These are sentiments you will hear from spiritual people who have suffered. There is great wisdom in those words.

Pain is a part of life and is very helpful for keeping us on a good path. Avoiding legitimate pain is not practical or realistic. We have the ability to make the pain worse, by wishing life were different or telling ourselves it should not be this way. That is the basis of suffering. We do have to have pain; we do not have to suffer. It does not change the pain at all, it changes our relationship to the pain.

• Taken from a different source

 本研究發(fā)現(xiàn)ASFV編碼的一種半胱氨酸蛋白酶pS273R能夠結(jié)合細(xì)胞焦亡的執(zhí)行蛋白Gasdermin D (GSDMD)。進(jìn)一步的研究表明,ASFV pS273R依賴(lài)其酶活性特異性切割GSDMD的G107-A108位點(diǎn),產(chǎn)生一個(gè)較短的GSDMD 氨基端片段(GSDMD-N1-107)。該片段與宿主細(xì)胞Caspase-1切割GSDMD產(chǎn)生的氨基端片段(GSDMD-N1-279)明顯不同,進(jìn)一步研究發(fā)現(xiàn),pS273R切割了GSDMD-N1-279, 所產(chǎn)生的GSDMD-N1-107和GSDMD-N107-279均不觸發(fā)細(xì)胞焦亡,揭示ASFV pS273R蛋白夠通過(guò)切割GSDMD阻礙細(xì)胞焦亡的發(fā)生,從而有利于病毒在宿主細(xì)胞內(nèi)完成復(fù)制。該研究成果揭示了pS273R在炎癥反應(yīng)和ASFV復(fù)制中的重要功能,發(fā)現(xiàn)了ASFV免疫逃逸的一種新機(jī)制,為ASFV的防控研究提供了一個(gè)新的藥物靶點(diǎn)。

When I get migraines, I can fight them or say to myself, "I can't handle this. This is terrible." Fighting makes the pain worse as do those statements. "I don't deserve to have this pain," I said, as if other people deserve to have their pain and I am somehow exempt.

My doctor actually told me to embrace the migraine, make friends with it and learn from it. At the time, I got upset, thought he was delusional and disregarded that advice and yet fighting it makes it worse. Maybe the good doctor had some wisdom there.

I remind people that when they avoid the object of their anxiety, they strengthen it. When they embrace it, understand it and learn from it, the anxiety is weakened. The same goes for other types of pain.

The pain can help me understand something profound. It helps me look for different ways of being. It helps me align myself and get back into balance (harmony). Yes, I am saying the pain helps me. It is simply a message that something in my life is not working. It is not God punishing me, it is actually a message to get back on track akin to telling the doctor, "It hurts when I do this," and the doctor replies, "Then stop doing that."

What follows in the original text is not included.